Épicondylite : causes, symptômes et traitements efficaces
L'épicondylite, aussi appelée coude du tennisman, est une tendinite douloureuse du coude. Découvrez ses causes, ses symptômes et les meilleurs traitements pour soulager la douleur.
Qu’est-ce que l’épicondylite ?
L’épicondylite, communément appelée coude du tennisman, est une pathologie musculosquelettique caractérisée par une inflammation et une dégénérescence des tendons qui s’insèrent sur l’épicondyle, la saillie osseuse située à l’extrémité inférieure de l’humérus. Cette affection touche principalement les tendons des muscles extenseurs de l’avant-bras, bien qu’elle puisse également concerner les fléchisseurs dans sa forme médiale (épitrochléite ou coude du golfeur).
Contrairement à une idée répandue, l’épicondylite n’est pas une pathologie réservée aux sportifs. Elle concerne en réalité 1 à 3 % de la population générale, avec une prédominance chez les personnes âgées de 30 à 50 ans. Les travailleurs manuels, les utilisateurs intensifs d’ordinateurs et les personnes exerçant des métiers impliquant des gestes répétitifs du bras et du poignet sont particulièrement exposés.
Sur le plan anatomique, l’épicondylite latérale (forme la plus fréquente, représentant environ 90 % des cas) touche principalement le tendon du muscle extenseur carpi radialis brevis (ECRB), qui joue un rôle essentiel dans l’extension du poignet et la stabilisation de la main lors des prises.
Les causes et facteurs de risque
Mécanismes de la lésion
L’épicondylite résulte d’une surcharge mécanique chronique des tendons de l’avant-bras. Les microtraumatismes répétés provoquent des microdéchirures au niveau de l’insertion tendineuse, déclenchant une réponse inflammatoire et, à long terme, des changements dégénératifs appelés angiofibroblastiques. Le tendon perd alors son élasticité normale et devient plus vulnérable aux contraintes.
Activités et professions à risque
Plusieurs activités et professions favorisent l’apparition de l’épicondylite :
- Le tennis et les sports de raquette : le revers à une main, l’utilisation d’une raquette trop lourde ou un cordage trop tendu.
- Le golf : responsable surtout de l’épicondylite médiale (épitrochléite).
- Les métiers manuels : plombiers, peintres, menuisiers, mécaniciens, maçons.
- Le travail de bureau : utilisation prolongée de la souris et du clavier dans une mauvaise position.
- Le bricolage et le jardinage : utilisation d’outils vibrants ou gestes répétitifs de vissage.

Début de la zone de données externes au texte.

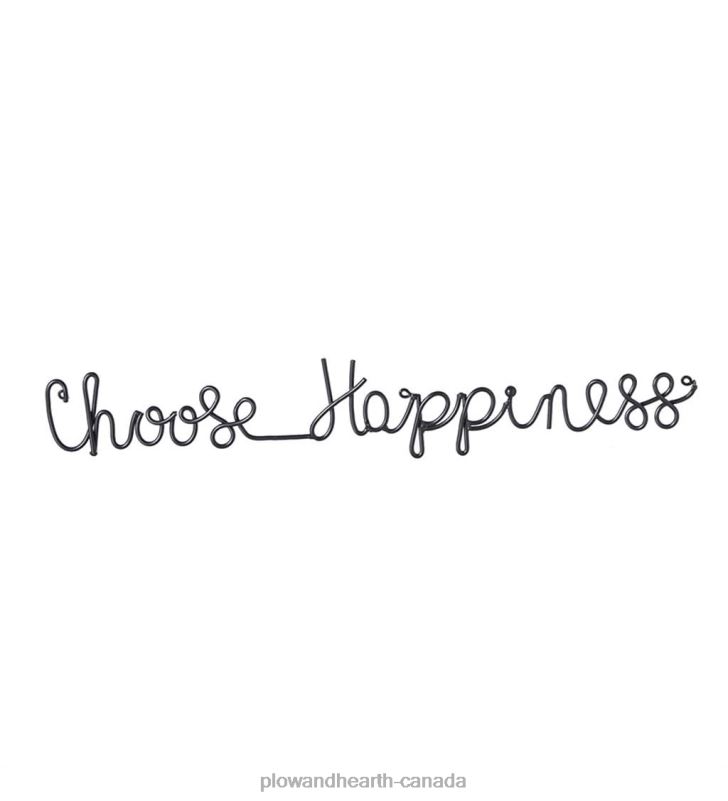 Made of black colored metal crafted into the words, Choose Happiness. The back of the piece has hooks made for easy hanging and it is safe for both indoor and outdoor use.
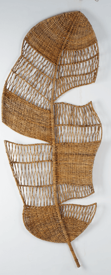 Hiasan dinding berbentuk daun pisang yang terbuat dari pelepah pisang dan rangka besi
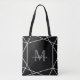 Bolsa Tote Monograma de Cinzas de prata de polígono preto e b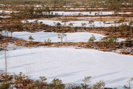 Rural winter scenery. Swamp with frozen water and pine tree at sunny day.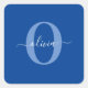 Personalised Monogram Script Name Blue White Square Sticker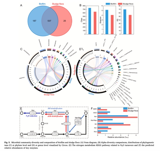 高通量測序分析生物膜與懸浮污泥的微生物群落及關鍵酶基因差異(圖5)。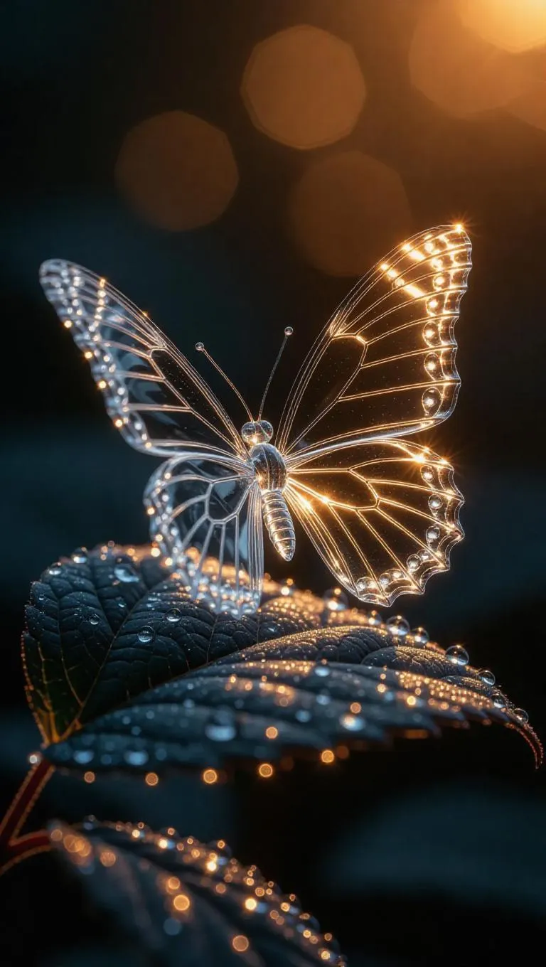 A delicate crystal butterfly perched on a frosted leaf, wings crafted from transparent glass with intricate, shimmering patterns, glowing softly in the crisp afternoon sun, surrounded by dewdrops that sparkle like morning mist.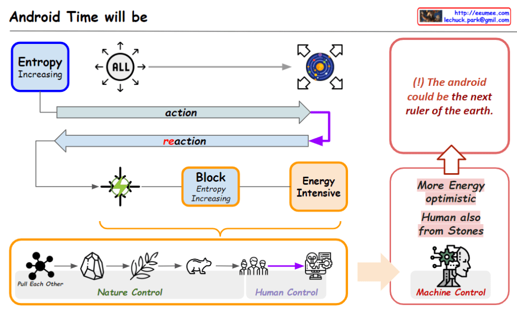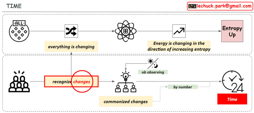 This image explains entropy growth from two perspectives: human and particle viewpoints.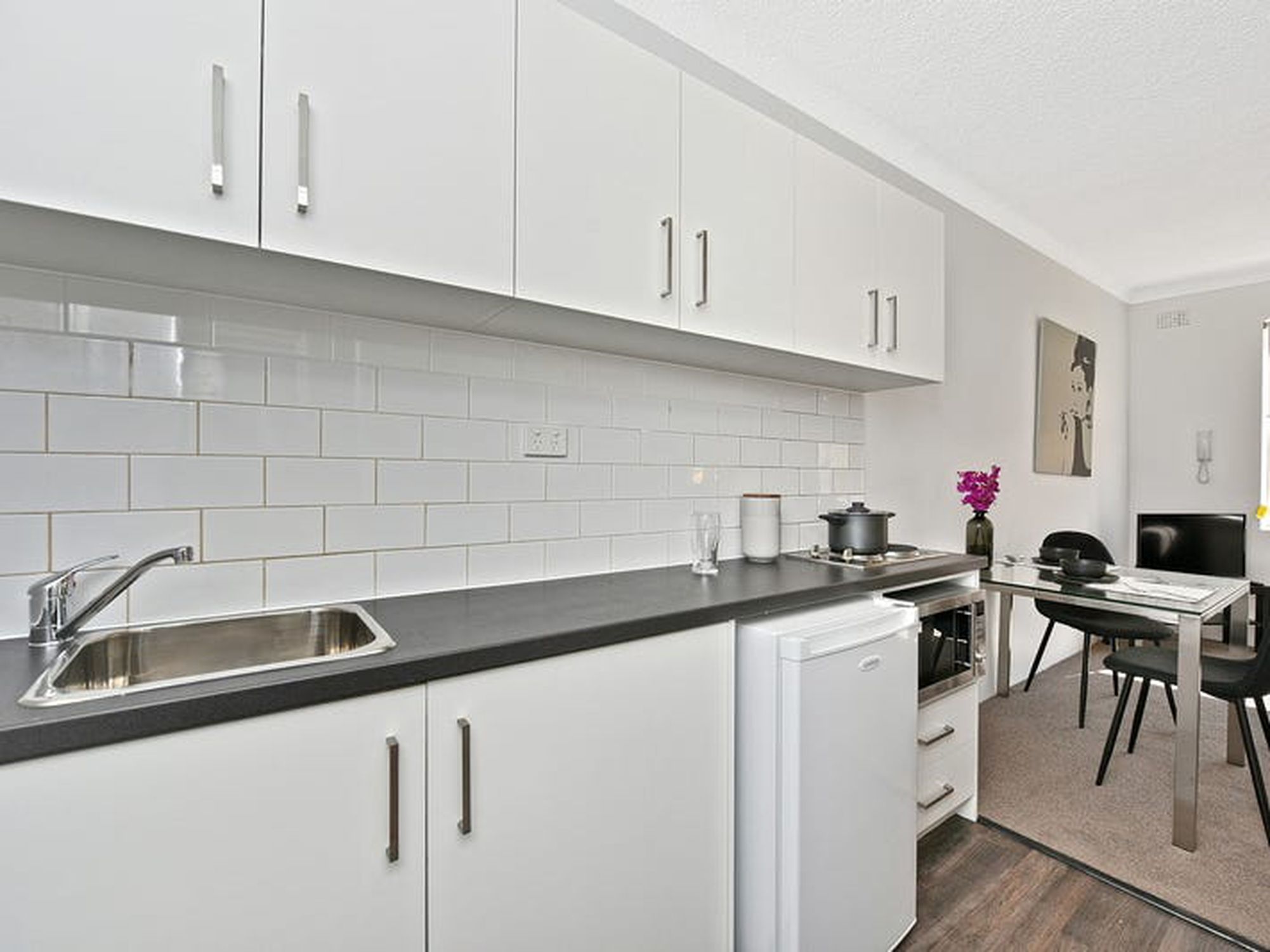 The apartment is in in a fantastic location, in an established quiet tree lined street, yet only moments from restaurants, cafes, bus and light rail.

- La cuisine professionnelle : découpe, fouettage, port de charges.
Facteurs prédisposants
Certains facteurs augmentent le risque de développer une épicondylite : l’âge (pic entre 40 et 50 ans), le tabagisme (qui altère la vascularisation tendineuse), le diabète, l’obésité, des antécédents de troubles musculosquelettiques et une mauvaise ergonomie au travail ou pendant la pratique sportive.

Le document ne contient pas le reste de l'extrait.